Raggi drew up a motion to withdraw the bid Wednesday and put it before the city assembly, which has the final say. There was no immediate word if and when the council would take it up.

Malago said the committee would continue working on the bid in the absence of a formal vote, noting the next dossier must be submitted to the IOC on Oct. 7.

“If there’s no formal act, we can continue,” he said. “They can’t just declare it in a news conference.”

Indeed, rival cities weren’t ready to count Rome out altogether.

“There is no confirmation that Rome has departed from the 2024 race and as such it is not appropriate for us to offer any comment except to wish our Italian colleagues well during this period of difficult time,” the Budapest Olympic committee said.

Raggi, a 38-year-old lawyer who is Rome’s first female mayor, was elected in June representing the anti-establishment 5-Star Movement.

The Rome bid was approved by the city assembly last year with 38 votes in favor and only six against - meaning Raggi will have to put the issue up for another vote to officially end the candidacy.

The IOC requires bidders to have support from the government and city.

Previous Mayor Ignazio Marino, who was forced out over an expense account scandal, had supported the bid.
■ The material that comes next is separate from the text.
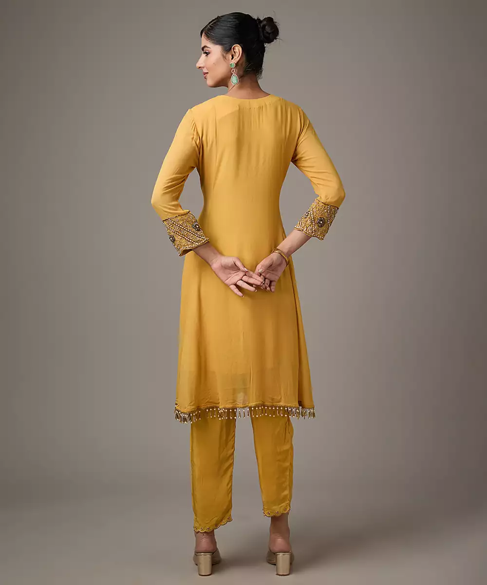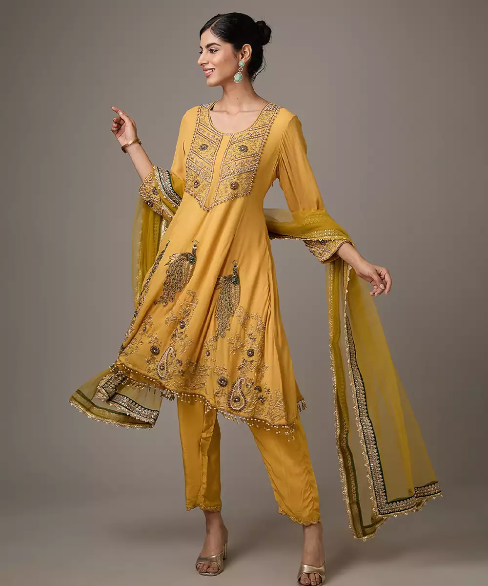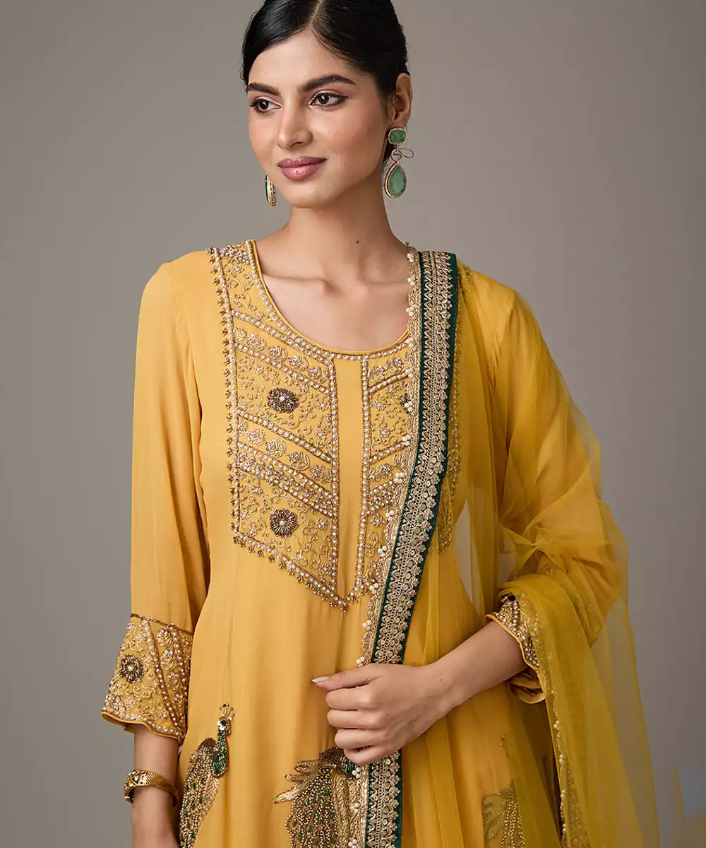 This Yellow Embroidered Net Anarkali Shines With Vibrant Elegance And A Light, Ethereal Flow. Delicate Embroidery Enhances Its Graceful Silhouette, Adding Festive Charm. Perfect For Weddings, Sangeet, And Celebratory Occasions, It Blends Traditional Beauty With Contemporary Refinement, Creating A Radiant And Sophisticated Look Ideal For Day Or Evening Events.

And Premier Matteo Renzi has been a big fan of the candidacy since he helped launch it in 2014. He has said the bid would be doomed if Rome’s mayor doesn’t support it.

A budget of 24 million euros ($27 million) has already been allotted - much of it spent - to the bid committee, even though candidacy head Luca Cordero di Montezemolo has no salary.
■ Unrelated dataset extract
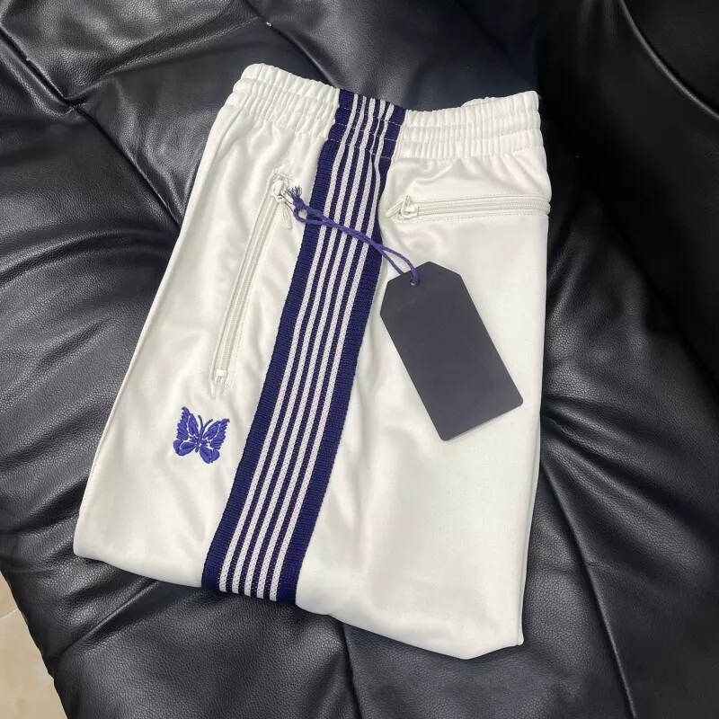 Quality Embroidered Needles Track Pants Classic Stripe Trousers

Raggi’s rejection was another stinging blow for the IOC’s “Olympic Agenda 2020” program, which was designed to make bidding for and hosting the games more flexible and more affordable.

“Rome was able to bid only after the IOC changed its rules with Agenda 2020 and reduced the costs of putting together a candidacy,” Malago said.

The bid had been slated to be centered around Rome’s historic monuments: a cycling sprint alongside the Roman Forum, beach volleyball at the Circus Maximus and the marathon passing through St. Peter’s Square and finishing under the Arch of Constantine. Plus, a nightly parade of athletes at the Colosseum.

Relying on many venues that were used for the 1960 Olympics in Rome, the candidacy proposed using existing structures for 70 percent of the required sites. The budget had been projected at 5.3 billion euros ($6 billion) - 2.1 billion euros for the construction of permanent venues and the balance for temporary venues.

The withdrawal is another clear signal that the IOC still has a lot of work to do to convince cities that hosting the games is a boon and not a burden.

Voters in Hamburg rejected the German city’s 2024 bid in a referendum. Boston also dropped out last year amid a lack of public and political support and was replaced by Los Angeles.

“It’s very upsetting,” Rome bid vice president Luca Pancalli said. “It’s like we started a race and someone gets out of the pool in the middle of the race and says we’re not racing any longer.”